Propranolol improved morbidities of an 11-year-old patient with pleural, peritoneal, and perineal LMs (case 1). (A) Persistent drainage (arrow) from debulking before propranolol administration. Healing of incisions after debulking while taking propranolol at 5 days’, 3 months’, and 9 months’ postoperatively. (B) Frequency of blood transfusions (red) and unplanned hospital admissions (blue).
The patient experienced exacerbations during treatment with propranolol. One event was temporally associated with a viral syndrome and another with a decrease in effective dosage due to weight gain. Both events responded to an increase in the propranolol dosage. The patient underwent another debulking procedure during treatment, with healing and no lymphorrhea (Fig 1A). Propranolol was discontinued after 24 months due to noncompliance. His hospitalization and transfusion requirements increased (Fig 1B), and he lost the ability to ambulate. Sirolimus was initiated at 0.8 mg/m2 twice daily and up-titrated to a trough serum level of 7.1 ng/mL, with decreased lymphorrhea, bleeding, and 2 episodes of sepsis requiring hospitalization.
Case 2 (Generalized Lymphatic Anomaly)
A 19-year-old man presented with congenital bilateral lower extremity lymphedema, ascites, and dyspnea, controlled with furosemide and compression garments. He underwent surgical debulking at another institution, complicated by staphylococcal sepsis. His presenting symptoms included fever, cellulitis, worsening ascites, and pleuropericardial effusions, and he required pediatric ICU treatment. He was supported with biphasic positive airway pressure support, thoracostomy tubes, and pericardiocentesis. Propranolol treatment was initiated (0.43 mg/kg/d, increasing to 0.70 mg/kg/d). His condition improved, and he was discharged on propranolol monotherapy. Subsequent outpatient evaluation demonstrated improvement in lymphedema, a 5-kg weight loss, and the need for smaller compression garments and clothing due to decreased edema and ascites. The patient subsequently reported hair loss and chose to discontinue propranolol after 4 months. After discontinuation, he reported recurrent lymphedema and ascites, managed by paracentesis and intensified diuretic therapy. Despite these latter measures, his weight increased by 7 kg.

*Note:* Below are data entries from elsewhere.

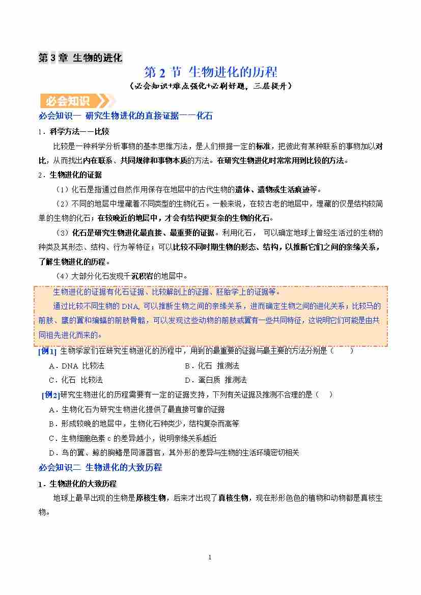 6.3.2 生物进化的历程(提升讲义)生物新教材人教版八年级下册(原卷版)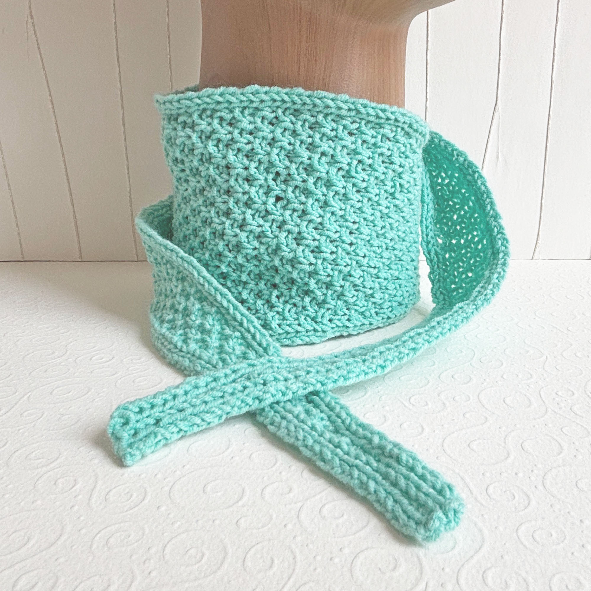 Halsnahes Stricktuch in Mintgrün aus federleichtem Garn.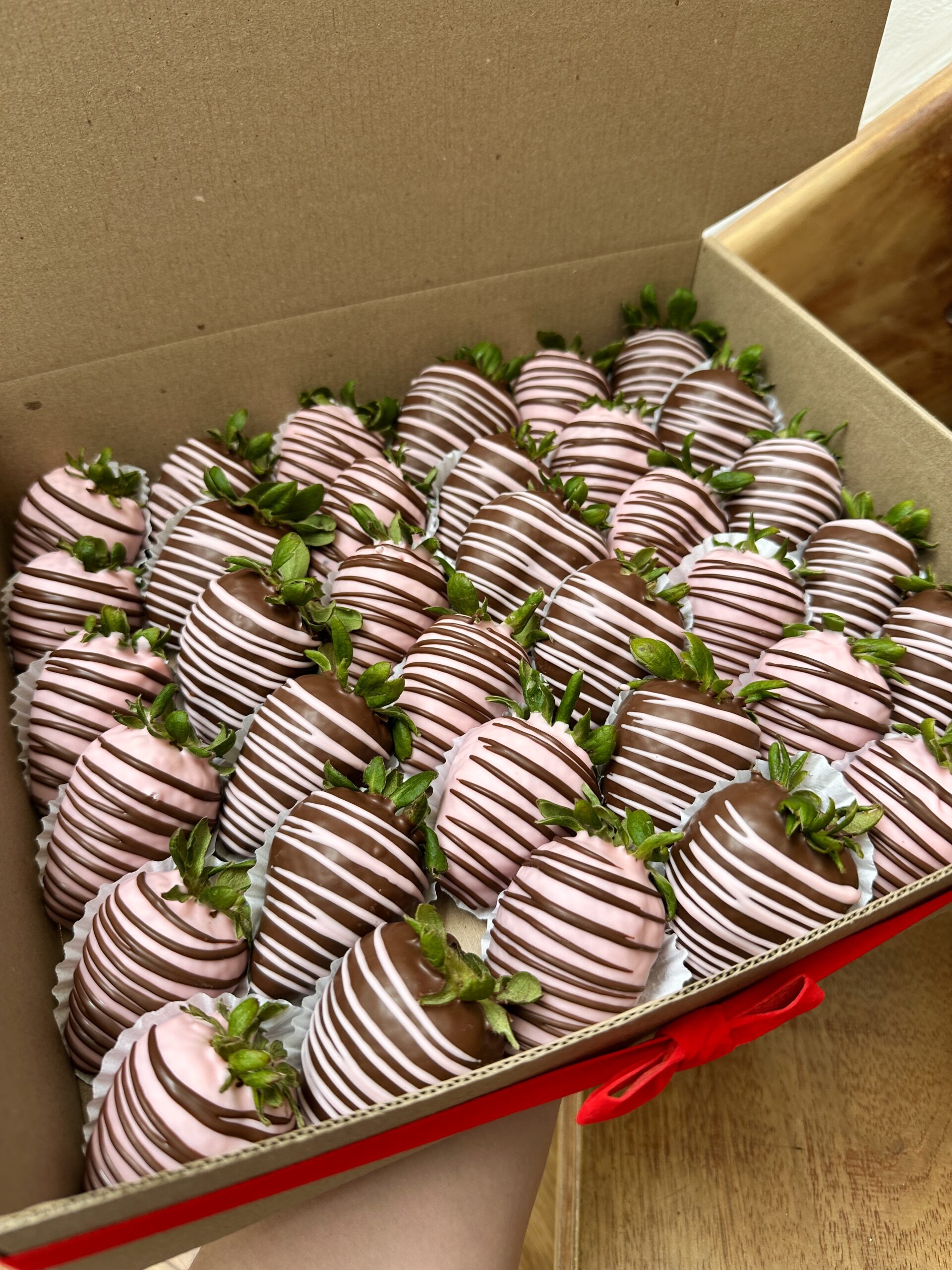 Caja de 36 fresas con chocolate oscuro y rosado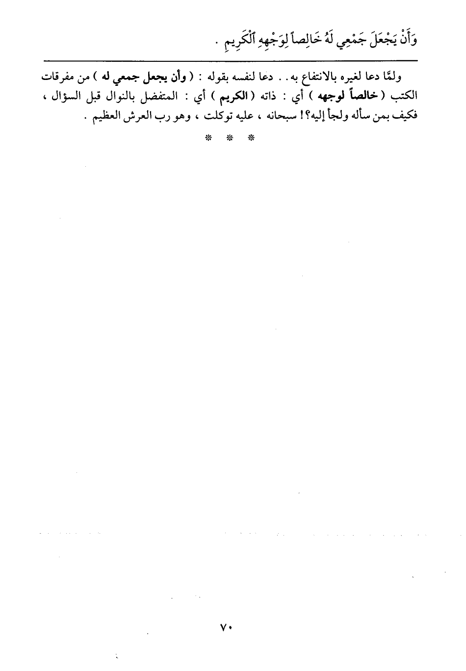 ولمّا دعا لغيره بالانتفاع به .. دعا لنفسه بقوله: (وأن يجعل جمعي له) من مفرقات الكتب (خالصاً لوجهه) أي: ذاته (الكريم) أي: المتفضل بالنوال قبل السؤال، فكيف بمن سأله ولجأ إليه؟! سبحانه، عليه توكلت، وهو رب العرش العظيم.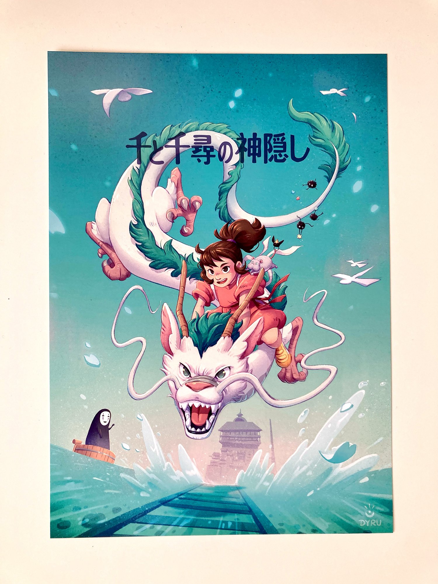 + Print of our gang from Spirited Away - taking a flight on Haku the dragon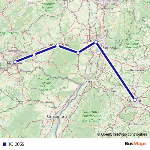 The first stop of the IC 2059 rail route is Saarbrücken Hbf and the last stop is Stuttgart Hbf. IC 2059 is operational during everyday.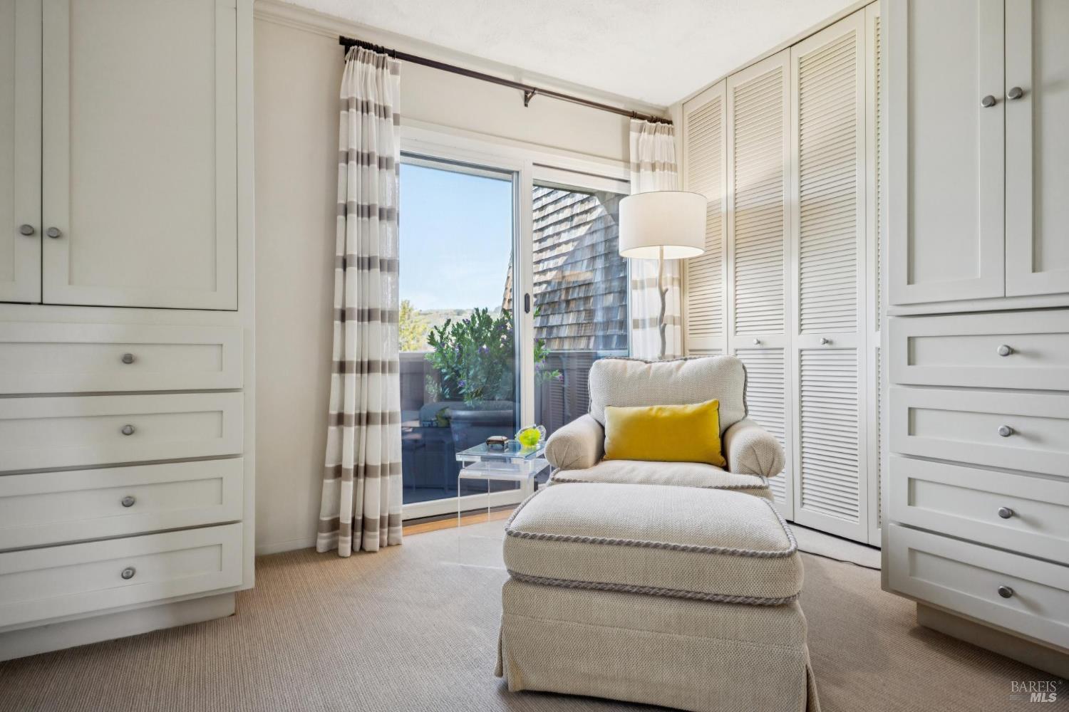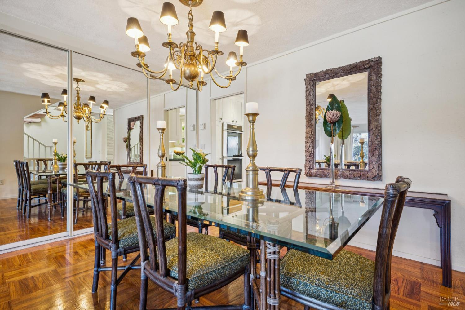 Sophisticated and stylish Peacock Gap townhome offering an exceptional blend of comfort, privacy, and refined design. One of only four large units of this size within the desirable 30 Knoll Recreation Townhouses, this elegant residence showcases numerous high-end upgrades and thoughtful design throughout. The home features three bedrooms plus a cozy den, a formal dining area, and a beautifully redesigned kitchen with a dedicated dining space ideal for both everyday living and entertaining. Hardwood floors grace the main level, while remodeled bathrooms reflect quality craftsmanship and timeless style. The spacious primary suite is a true retreat, highlighted by a stunning spa-like bathroom with high-end finishes, a luxurious jetted tub, and heated floors. Enjoy seamless indoor-outdoor living with a custom-designed patio featuring flower borders, offering privacy and direct access to the dramatic pool area. The community boasts two pools joined together to create a slightly undersized Olympic-style pool, along with a private clubhouse and Swedish saunas providing a resort-like experience just steps from home. Additional features include a large laundry and storage area, abundant closet space throughout, and a two-car garage. Ideally situated next to Peacock Gap Golf Course and offering easy access to China Camp State Park's extensive hiking and biking trails, this exceptional townhome delivers elegance, comfort, and an enviable lifestyle in one of Peacock Gap's most sought-after communities.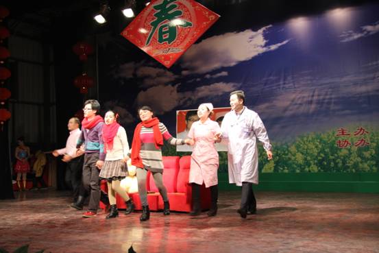 本次晚会历时1个多小时,现场气氛热烈,精彩纷呈;节目形式多样,包含了歌舞、快板、二胡演奏、二人转、小品、幕布戏。晚会首先以一曲藏族风情的开场舞《吉祥》热烈而直白的向在座的医院干部职工传递出浓浓的新春祝福。小品《幸福的一家》以孩子的视角,深情演绎了医务工作者的家人对其从抱怨到期盼再到理解与支持的心理转变过程,引得在场观众眼含湿意,一片温情。“十二金钗”的《白衣天使谱新编》节目以快板的形式描述了医院2011年所取得的各项工作成果。晚会现场大屏幕同步滚动的影像播放,在视觉和效果上堪比完美。俗话说英雄出少年,两位医院子弟的二胡演奏《喜气洋洋》流畅灵动,以跳跃的音符把喜悦描上了观众的眉梢。晚会高潮来自总务科的《迎春接福》,该剧为滑稽幕布戏,两位演员以其夸张的造型,反串的特色,逗趣的台词,以纤夫的爱、龙船调、Nobody、恭喜发财这些脍炙人口歌曲的串烧、表演惹得笑声不断,掌声连连。最后,晚会在《朋友干杯》中划上了欢乐、祥和的句号。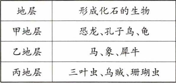 资料 2 考古学家在一些地层内挖掘到的化石统计见下表。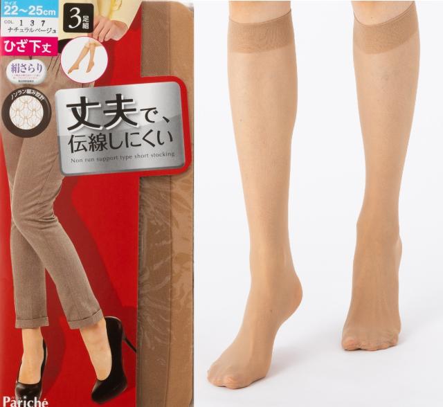 ひざ下ハイソックス3足組丈夫、伝線しにくい、ノンラン編み、つま先ヌード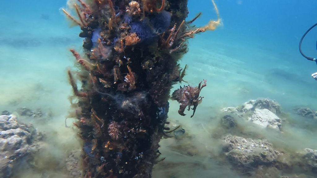 Well, as is always the case, an extended period without much to do has resulted in me slacking on the blog. I spent another few days kicking around Perth, not doing much, but did manage to get my tire situation sorted. Then it was time to head south. SCUBA at the Busselton jetty was really, really fun. It was a bit of a production renting the gear, getting our waivers sorted, and getting out to the dive spot, but the dive itself was just beautiful. It’s delightfully simple, just swimming out and back around and between the supports of this jetty. The pillars are covered in all kinds of incredibly colorful coral, which was a nice change of pace from the less colorful hard corals that I’d seen up around Exmouth. We also saw some fun critters, including an octopus and a couple of cuttlefish.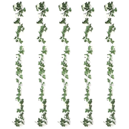 XDGBGFN 5 stycken konstgjord girlang 2,5 meter konstgjord blomgirlang utomhus, konstgjorda girlanger för bröllop, juldekoration, trädgård, fest, väggdekoration (vit)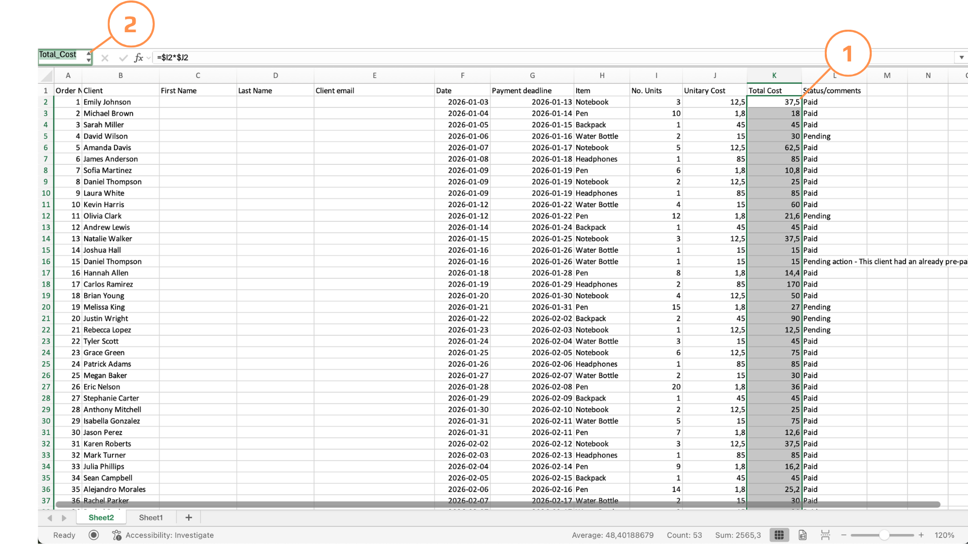 Eksempel: Total_Cost i stedet for K2:K54.
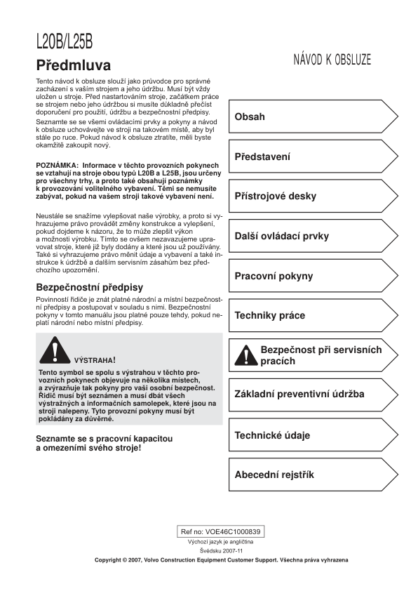 Volvo L20B L25B Wheel Loader Operators Manual CZ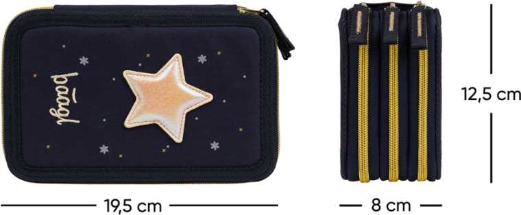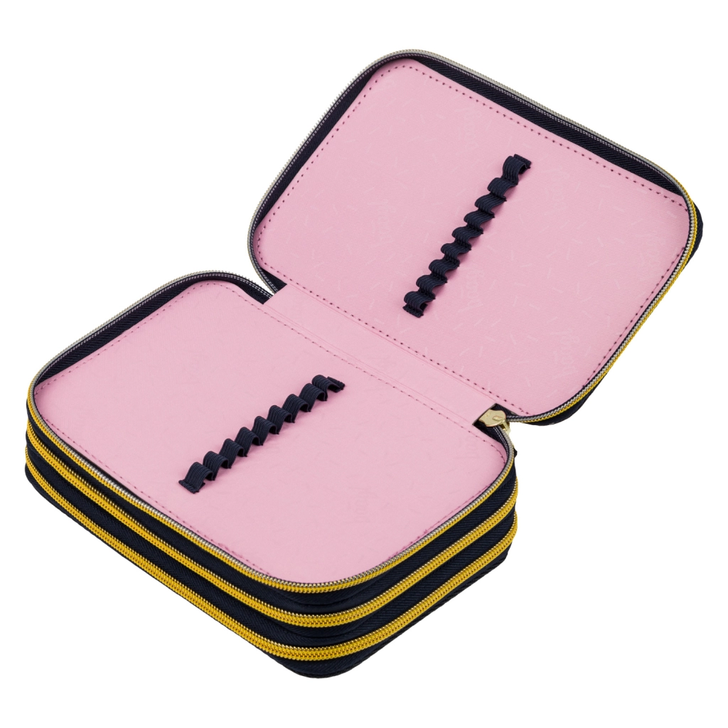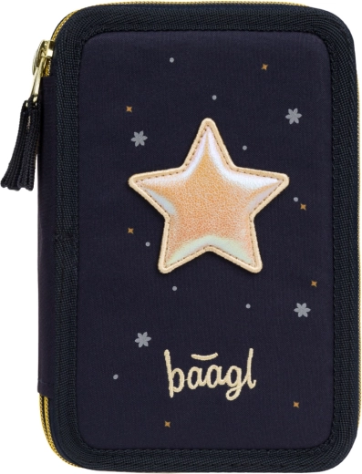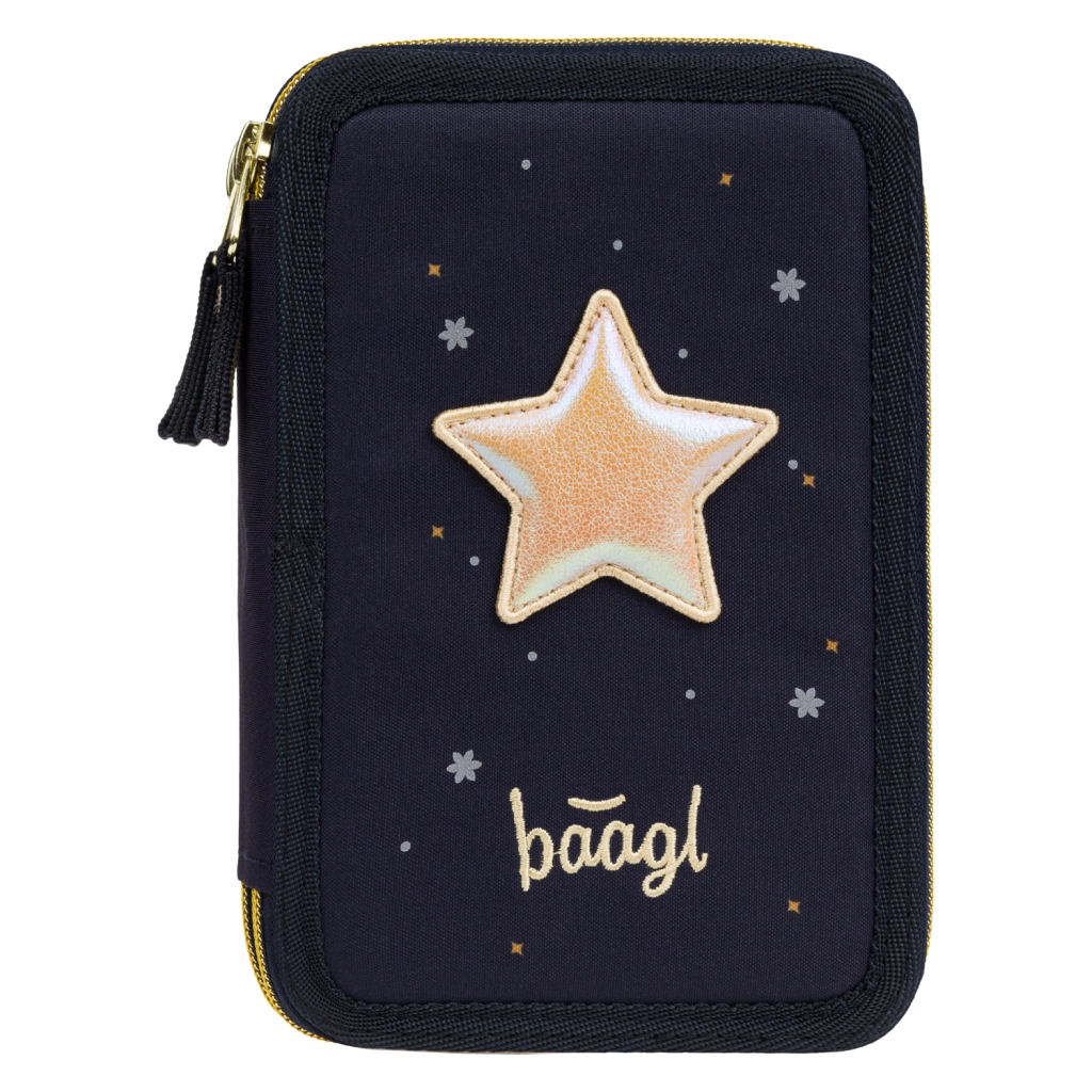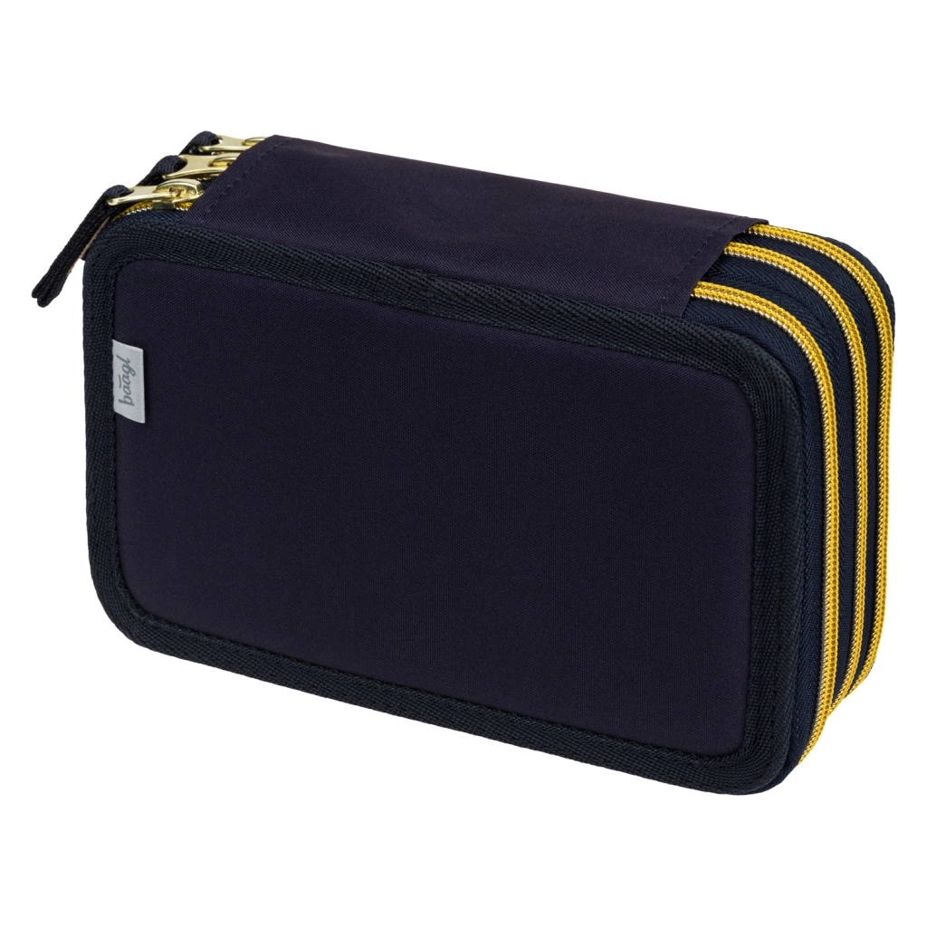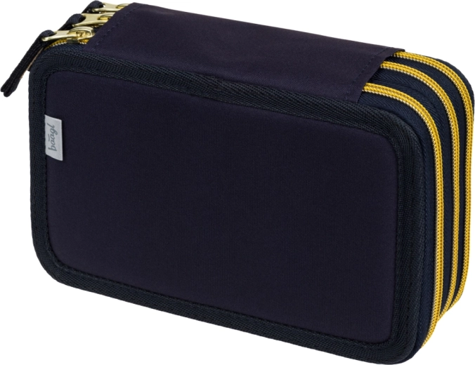 Praktický třípatrový penál BAAGL Unicorn Gold v tmavě modrém provedení s efektními detaily poskytuje promyšlenou organizaci školních potřeb. Tři samostatné zipové komory zajišťují rychlý přístup a pořádek, zatímco zesílený hřbet usnadňuje zavírání i při plném naplnění.

Case 3 (Primary Lymphedema)
A 9.5-year-old male patient presented with recurrent cellulitis of his left foot, requiring hospitalization and intravenous antibiotics. On examination, lymphedema of the affected lower left leg was noted, with a contralateral calf girth discrepancy of 1 cm. Propranolol was offered when the patient was 12 years old and initiated (0.5 mg/kg/d, increasing to 0.7 mg/kg/d). The patient noted decreased lower extremity lymphedema with no adverse effects.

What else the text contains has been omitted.